## Work instructions
The span to repeat in the listing below runs from the line containing "The above chart" to the line containing "Treće mesto zauzeo", inclusive. Repeat it exactly, and only it.

## The data
::::::::

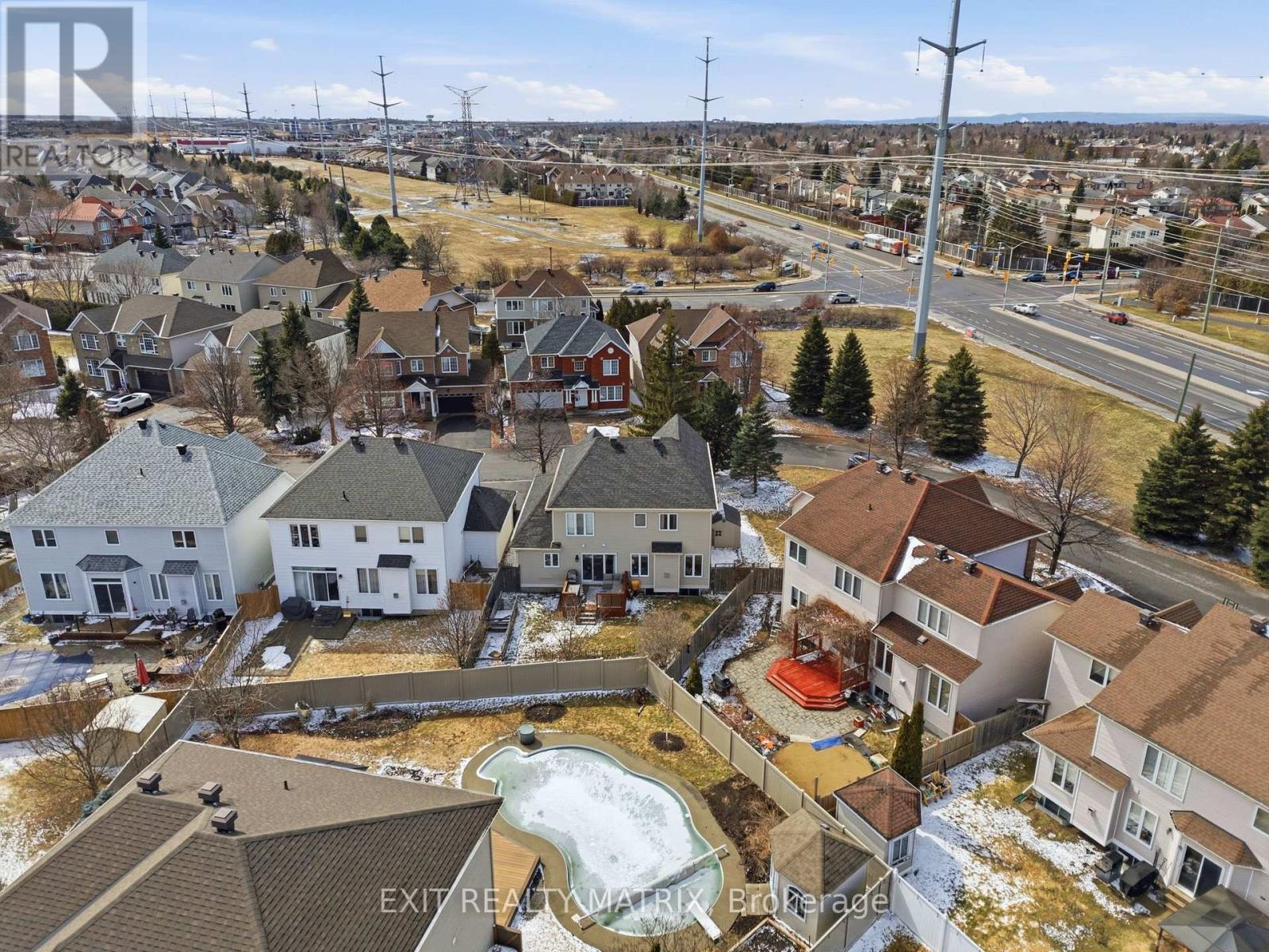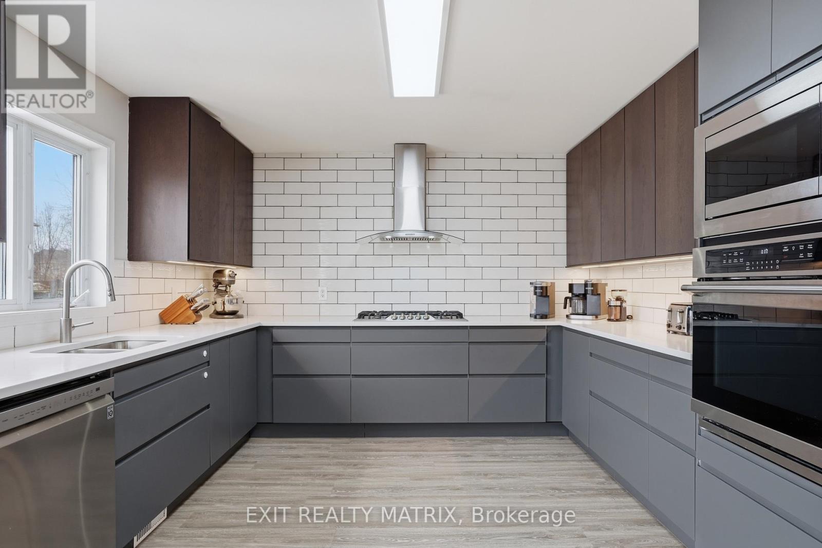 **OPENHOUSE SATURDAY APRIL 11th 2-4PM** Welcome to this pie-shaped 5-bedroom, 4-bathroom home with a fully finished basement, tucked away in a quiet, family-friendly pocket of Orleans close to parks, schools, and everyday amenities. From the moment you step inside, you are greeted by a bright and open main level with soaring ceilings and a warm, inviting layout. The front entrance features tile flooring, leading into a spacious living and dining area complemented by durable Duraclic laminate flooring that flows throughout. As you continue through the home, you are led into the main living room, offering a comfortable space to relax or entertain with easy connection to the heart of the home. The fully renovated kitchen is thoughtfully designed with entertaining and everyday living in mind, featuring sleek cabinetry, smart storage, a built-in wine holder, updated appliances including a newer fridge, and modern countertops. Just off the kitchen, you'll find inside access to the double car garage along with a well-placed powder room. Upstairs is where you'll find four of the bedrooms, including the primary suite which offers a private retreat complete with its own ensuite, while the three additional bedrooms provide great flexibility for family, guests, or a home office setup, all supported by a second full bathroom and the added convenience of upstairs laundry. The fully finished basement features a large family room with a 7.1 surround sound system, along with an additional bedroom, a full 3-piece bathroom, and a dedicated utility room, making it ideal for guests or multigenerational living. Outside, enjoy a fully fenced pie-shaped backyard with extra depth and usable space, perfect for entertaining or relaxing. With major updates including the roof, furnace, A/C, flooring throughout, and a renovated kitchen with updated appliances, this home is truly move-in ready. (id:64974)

::::::::

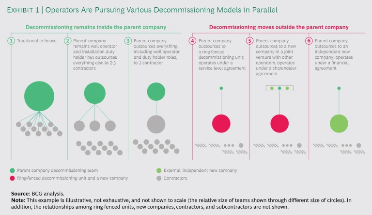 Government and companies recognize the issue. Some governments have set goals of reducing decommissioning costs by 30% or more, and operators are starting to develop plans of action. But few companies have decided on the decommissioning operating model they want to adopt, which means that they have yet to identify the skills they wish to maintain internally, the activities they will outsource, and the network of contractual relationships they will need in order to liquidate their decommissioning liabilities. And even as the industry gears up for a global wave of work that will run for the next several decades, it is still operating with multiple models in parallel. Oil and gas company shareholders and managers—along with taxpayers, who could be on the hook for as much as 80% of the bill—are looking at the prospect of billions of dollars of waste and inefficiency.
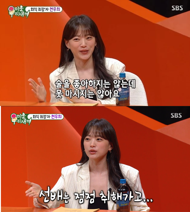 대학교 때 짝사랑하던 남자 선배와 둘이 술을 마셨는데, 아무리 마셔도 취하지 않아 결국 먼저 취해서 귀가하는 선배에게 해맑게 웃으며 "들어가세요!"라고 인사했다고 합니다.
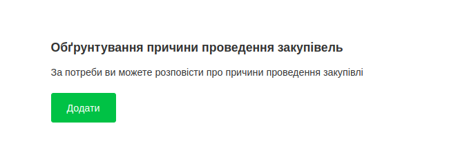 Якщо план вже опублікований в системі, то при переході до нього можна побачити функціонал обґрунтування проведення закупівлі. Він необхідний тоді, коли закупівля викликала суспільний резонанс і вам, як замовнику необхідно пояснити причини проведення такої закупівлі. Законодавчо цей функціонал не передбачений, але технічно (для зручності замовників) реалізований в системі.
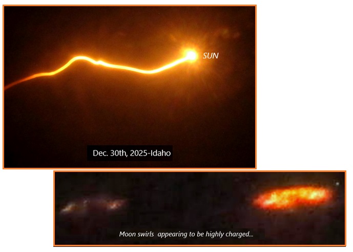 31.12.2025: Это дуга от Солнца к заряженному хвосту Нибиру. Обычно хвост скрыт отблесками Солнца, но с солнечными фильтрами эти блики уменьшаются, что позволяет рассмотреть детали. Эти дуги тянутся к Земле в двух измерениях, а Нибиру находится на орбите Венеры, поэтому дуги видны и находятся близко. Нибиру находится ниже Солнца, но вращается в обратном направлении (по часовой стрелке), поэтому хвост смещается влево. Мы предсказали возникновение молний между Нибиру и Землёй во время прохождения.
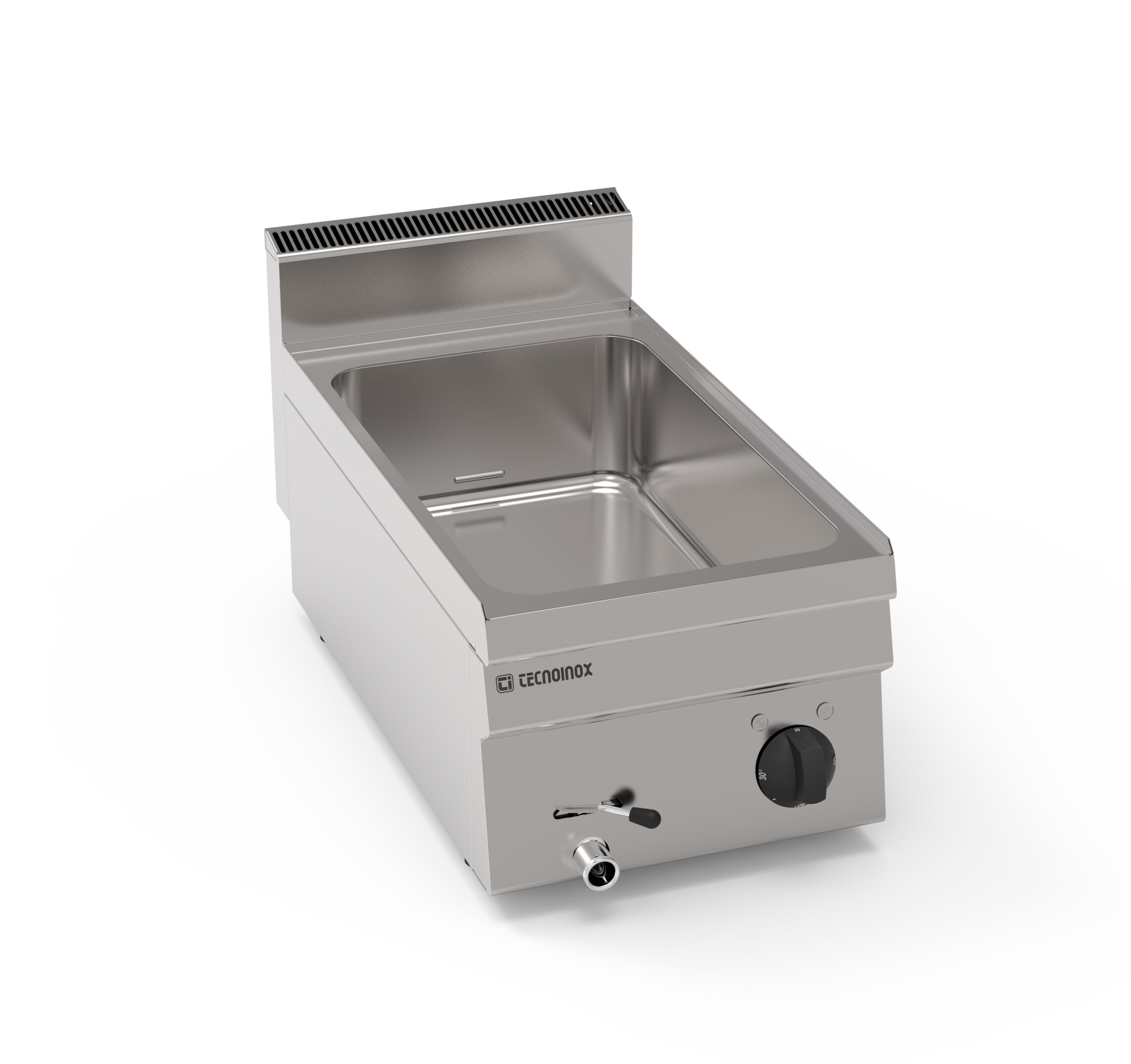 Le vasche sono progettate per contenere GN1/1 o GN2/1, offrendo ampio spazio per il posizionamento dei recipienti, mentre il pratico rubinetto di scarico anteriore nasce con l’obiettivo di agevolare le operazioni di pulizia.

::::::::

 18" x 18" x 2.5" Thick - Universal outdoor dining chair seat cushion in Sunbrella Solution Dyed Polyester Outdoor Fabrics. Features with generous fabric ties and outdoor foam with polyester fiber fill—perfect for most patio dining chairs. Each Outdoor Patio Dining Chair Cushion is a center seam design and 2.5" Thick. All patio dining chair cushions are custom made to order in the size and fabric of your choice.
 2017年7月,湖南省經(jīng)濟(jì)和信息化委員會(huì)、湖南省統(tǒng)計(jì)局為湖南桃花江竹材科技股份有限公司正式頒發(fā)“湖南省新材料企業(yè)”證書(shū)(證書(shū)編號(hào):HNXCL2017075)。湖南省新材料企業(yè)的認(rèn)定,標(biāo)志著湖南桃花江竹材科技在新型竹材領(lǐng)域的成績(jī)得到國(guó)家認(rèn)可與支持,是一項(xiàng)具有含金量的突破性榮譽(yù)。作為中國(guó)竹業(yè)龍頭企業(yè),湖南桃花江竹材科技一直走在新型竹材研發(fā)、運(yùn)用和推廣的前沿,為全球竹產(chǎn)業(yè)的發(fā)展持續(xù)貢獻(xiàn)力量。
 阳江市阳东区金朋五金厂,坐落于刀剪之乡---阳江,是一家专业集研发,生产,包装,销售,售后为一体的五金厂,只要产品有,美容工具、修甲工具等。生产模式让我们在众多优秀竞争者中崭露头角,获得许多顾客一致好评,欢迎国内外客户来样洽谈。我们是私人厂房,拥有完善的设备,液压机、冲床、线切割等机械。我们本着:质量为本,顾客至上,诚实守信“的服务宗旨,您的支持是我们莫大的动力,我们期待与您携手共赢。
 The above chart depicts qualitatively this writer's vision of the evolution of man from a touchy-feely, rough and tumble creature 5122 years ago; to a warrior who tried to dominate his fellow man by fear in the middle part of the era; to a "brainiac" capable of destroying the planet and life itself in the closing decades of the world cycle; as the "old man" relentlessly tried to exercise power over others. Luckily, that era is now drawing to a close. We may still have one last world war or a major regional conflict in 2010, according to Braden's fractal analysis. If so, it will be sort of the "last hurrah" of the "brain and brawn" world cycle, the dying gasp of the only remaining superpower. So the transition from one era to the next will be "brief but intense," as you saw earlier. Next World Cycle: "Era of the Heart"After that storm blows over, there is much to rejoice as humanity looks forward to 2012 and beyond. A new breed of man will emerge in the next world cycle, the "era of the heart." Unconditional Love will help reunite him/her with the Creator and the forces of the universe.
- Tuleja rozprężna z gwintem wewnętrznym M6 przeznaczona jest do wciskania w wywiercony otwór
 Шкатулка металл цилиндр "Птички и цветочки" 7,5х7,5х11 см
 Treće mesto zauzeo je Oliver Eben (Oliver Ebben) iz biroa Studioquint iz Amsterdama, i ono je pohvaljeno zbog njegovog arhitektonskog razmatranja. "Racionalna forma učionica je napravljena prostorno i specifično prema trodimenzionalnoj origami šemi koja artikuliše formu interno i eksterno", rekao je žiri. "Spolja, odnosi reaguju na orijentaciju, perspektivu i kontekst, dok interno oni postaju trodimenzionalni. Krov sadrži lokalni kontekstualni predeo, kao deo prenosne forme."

::::::::

## Result
 The above chart depicts qualitatively this writer's vision of the evolution of man from a touchy-feely, rough and tumble creature 5122 years ago; to a warrior who tried to dominate his fellow man by fear in the middle part of the era; to a "brainiac" capable of destroying the planet and life itself in the closing decades of the world cycle; as the "old man" relentlessly tried to exercise power over others. Luckily, that era is now drawing to a close. We may still have one last world war or a major regional conflict in 2010, according to Braden's fractal analysis. If so, it will be sort of the "last hurrah" of the "brain and brawn" world cycle, the dying gasp of the only remaining superpower. So the transition from one era to the next will be "brief but intense," as you saw earlier. Next World Cycle: "Era of the Heart"After that storm blows over, there is much to rejoice as humanity looks forward to 2012 and beyond. A new breed of man will emerge in the next world cycle, the "era of the heart." Unconditional Love will help reunite him/her with the Creator and the forces of the universe.
- Tuleja rozprężna z gwintem wewnętrznym M6 przeznaczona jest do wciskania w wywiercony otwór
 Шкатулка металл цилиндр "Птички и цветочки" 7,5х7,5х11 см
 Treće mesto zauzeo je Oliver Eben (Oliver Ebben) iz biroa Studioquint iz Amsterdama, i ono je pohvaljeno zbog njegovog arhitektonskog razmatranja. "Racionalna forma učionica je napravljena prostorno i specifično prema trodimenzionalnoj origami šemi koja artikuliše formu interno i eksterno", rekao je žiri. "Spolja, odnosi reaguju na orijentaciju, perspektivu i kontekst, dok interno oni postaju trodimenzionalni. Krov sadrži lokalni kontekstualni predeo, kao deo prenosne forme."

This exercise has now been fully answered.